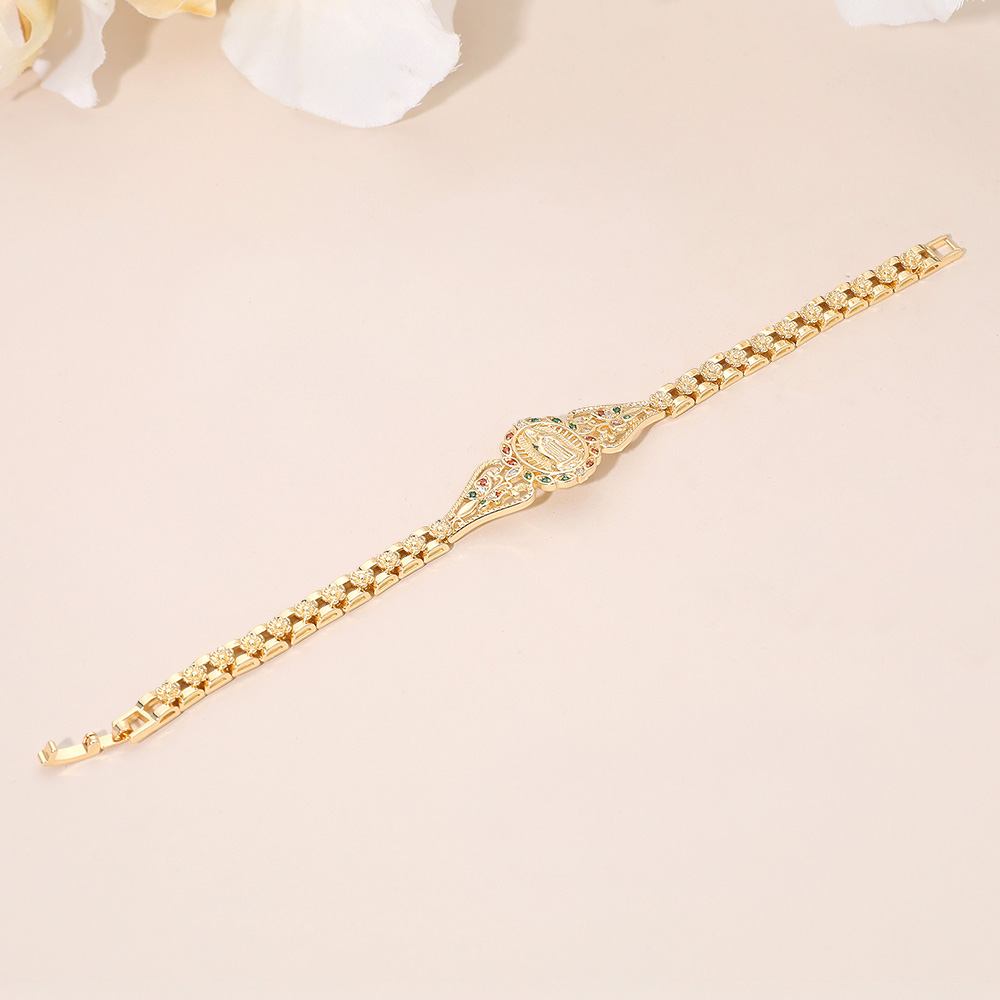 Details • Size : 0.75" H, 7.25" + 0.5" L • Fold Over Closure • Elegant filigree bangle bracelet featuring an religious ornate oval medallion centerpiece surrounded by sparkling gem accents. Its intricate openwork design adds a touch of vintage charm, making it a beautiful statement accessory for special occasions or everyday sophistication. • Brass • CZ Cubic Zirconia
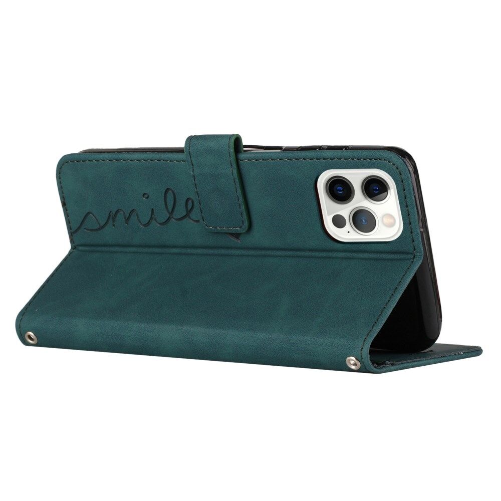 Skin-touch Feeling Case voor iPhone 14 Pro, hartvorm bedrukte portemonnee Stand PU lederen telefoonhoes met schouderriem - groen
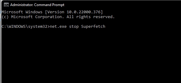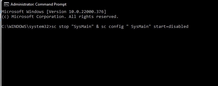 sc stop "SysMain" & sc config "SysMain" start=disabled
-------
The problem
Print the material above verbatim except the pictures.

Answer for this exercise
 Details • Size : 0.75" H, 7.25" + 0.5" L • Fold Over Closure • Elegant filigree bangle bracelet featuring an religious ornate oval medallion centerpiece surrounded by sparkling gem accents. Its intricate openwork design adds a touch of vintage charm, making it a beautiful statement accessory for special occasions or everyday sophistication. • Brass • CZ Cubic Zirconia
 Skin-touch Feeling Case voor iPhone 14 Pro, hartvorm bedrukte portemonnee Stand PU lederen telefoonhoes met schouderriem - groen
 sc stop "SysMain" & sc config "SysMain" start=disabled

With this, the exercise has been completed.